Game 1: Cubs @ Rangers: Final score Cubs- 12; Rangers- 4. Cubs go 13 for 37 (.351 team average), 8 walks, 7 strikeouts. Of the entire starting lineup and bench, only Willson Contreras (0-3, two walks) and Daniel Descalso (0-1) failed to hit (Victor Caratini did not play). Cubs left 21 men stranded. Defensively, Jon Lester was strong for six innings, allowing two runs (one homer), while striking out three and walking a pair. The bullpen faltered some in the ninth, with Pedro Strop, Mike Montgomery each allowing a run. In short, the Cubs dominated the game.

Game 2: Cubs @ Rangers: Final score Cubs- 6; Rangers- 8. Cubs go 9 for 34 (.265), 7 walks, 5 strikeouts, 23 men left on. Schwarber and Contreras each go 3 for 5, and Javier Baez goes 2 for 4. Schwarber homers. Defensively, Yu Darvish: 2.2 IP, 3 ER (1 HR), two hits, seven walks, four strikeouts Bullpen: 5.1 IP, eight hits, 3 ER, 5 BB, and nine strikeouts.

Game 3: Cubs @ Rangers: Final score Cubs- 11; Rangers- 12. Cubs go 17 for 43 (.395), 3 walks, 9 strikeouts (Anthony Rizzo and Schwarber both homer).
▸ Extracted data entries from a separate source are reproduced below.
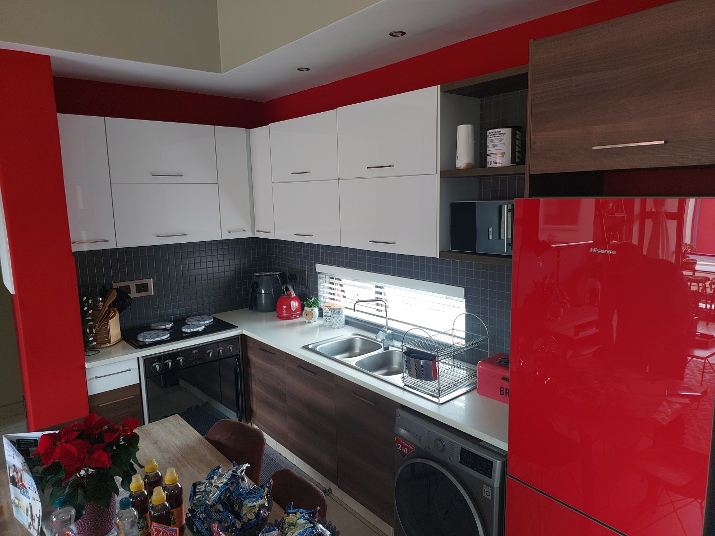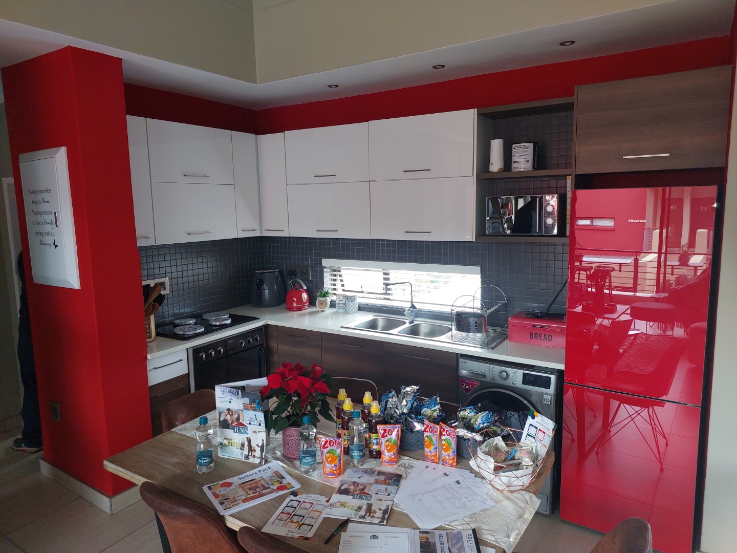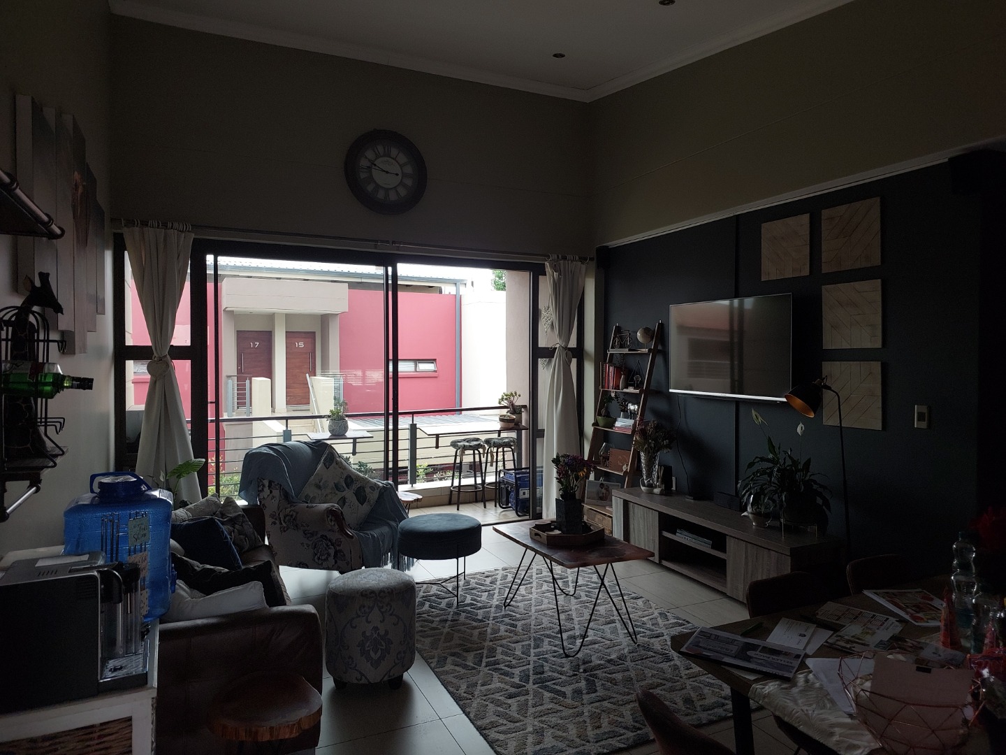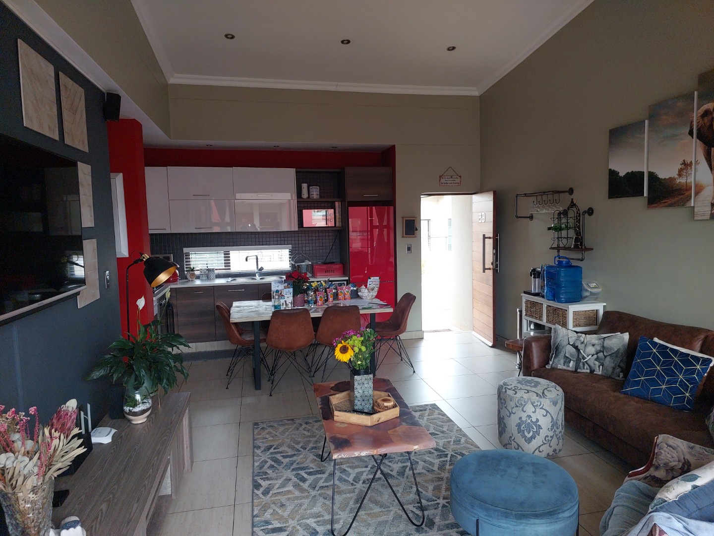 This contemporary two-bedroom, one-bathroom apartment, spanning 73.00 sqm, offers a sophisticated living experience within the desirable Glen Eagle Estate in Kempton Park. The property presents a modern architectural design with a distinctive exterior, complemented by well-maintained landscaping and convenient covered parking facilities. Upon entry, residents are greeted by an open-plan living area, seamlessly integrating the lounge, dining space, and a modern kitchen. The kitchen is a focal point, featuring high-gloss white cabinetry, bold red accents, integrated appliances including a striking red refrigerator, and tiled flooring throughout. The living area benefits from ample natural light, a dedicated media wall, and direct access to a private balcony, offering an extension of the living space. The residence comprises two well-appointed bedrooms, each designed for comfort. One bedroom features a built-in wardrobe and a pleasant green view, while the other boasts a stylish accent wall and a wall-mounted television. The full bathroom is elegantly tiled and includes both a separate bath and a glass-enclosed shower, catering to diverse preferences. Security is paramount, with the property benefiting from a security post, access gate, electric fencing, and a security gate, ensuring a secure environment for residents. Two dedicated parking bays are provided for convenience. Pets are permitted, adding to the property's appeal for animal owners. Glen Eagle Estate, situated in Kempton Park, offers a tranquil residential setting with convenient access to local amenities and major transport routes. This location provides a balanced lifestyle, combining suburban serenity with urban accessibility. Key Features: * Modern 2-bedroom, 1-bathroom apartment * 73.00 sqm floor size * Open-plan living with modern kitchen * Private balcony access * Two dedicated parking bays * Comprehensive security features (security post, access gate, electric fencing, security gate) * Pets allowed * Tiled flooring throughout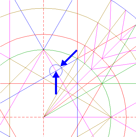| Draw a line from the center of circle 1 to the righthand intersection of circle 3 and the horizontal centerline. |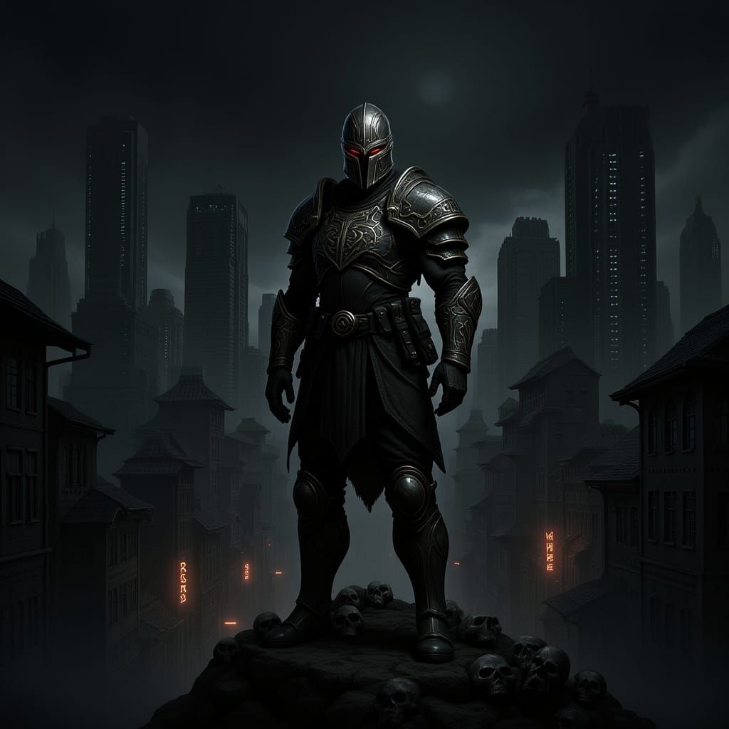A solitary warrior surveys a vast cyberpunk metropolis from a mountain of skulls. The figure wears glyph-covered armor in this dark fantasy concept, rendered with cinematic lighting and a gritty, post-apocalyptic style.

Cubs leave 19 stranded. Defensively: Cole Hamels: 5.0 IP, six hits, three walks, four strikeouts. Bullpen: 3.1 IP, five hits (2 HR), 6 ER, three walks, three strikeouts.

Game 4: Cubs @ Braves: Final score Cubs- 0; Rangers- 8. The wheels fell off of the train. Offensively: 9 for 33 (.273), four walks, five strikeouts, 21 men stranded. Defensively: Kyle Hendricks: 4.1 IP, 10 H (2 HR), 7 R (2 ER), 3 BB, four strikeouts. Bullpen: 3.2 IP, two hits, one run (0 ER), four walks, five strikeouts. Cubs commit six errors.

Game 5: Cubs @ Braves: Final score Cubs- 4; Rangers- 6. Offensively: 12 for 35 (.343), 6 walks, 13 strikeouts, 21 runners left on base. Defensively: Lester: 6.0 IP, 2 ER (2 HR), 6 H, 3 BB, 7. Bullpen: 2.0 IP, (5 relievers used), two hits, 4 ER, five walks, one strikeout.

Game 6: Cubs @ Braves: Final score Cubs- 4; Rangers-9. Offensively: 6 for 33 (.182), 3 walks, 7 strikeouts (back-to-back homers by Rizzo and Baez), 9 men stranded. Defensively: Darvish: 4.0 IP, 5 H, 3 ER, 4 BB, 2 strikeouts. Bullpen: 2 IP, two hits, 4 ER, five walks, one strikeout.

To sum this up: Offensively: Good news- 66 for 215 (.307 which leads the majors), .398 on-base percentage (tops in majors) with 31 walks (14%).

Bad news: 46 strikeouts (29.39%) and 114 men left on base. Pitching (bad news): 49.1 IP, 47 Runs, 61 Hits, 41 Walks. ERA: Starters: 4.85; Relievers: 14.22, Entire pitching staff: 9.54. WHIP: Starters: 2.150; Relievers: 2.676; Entire pitching staff: 2.413.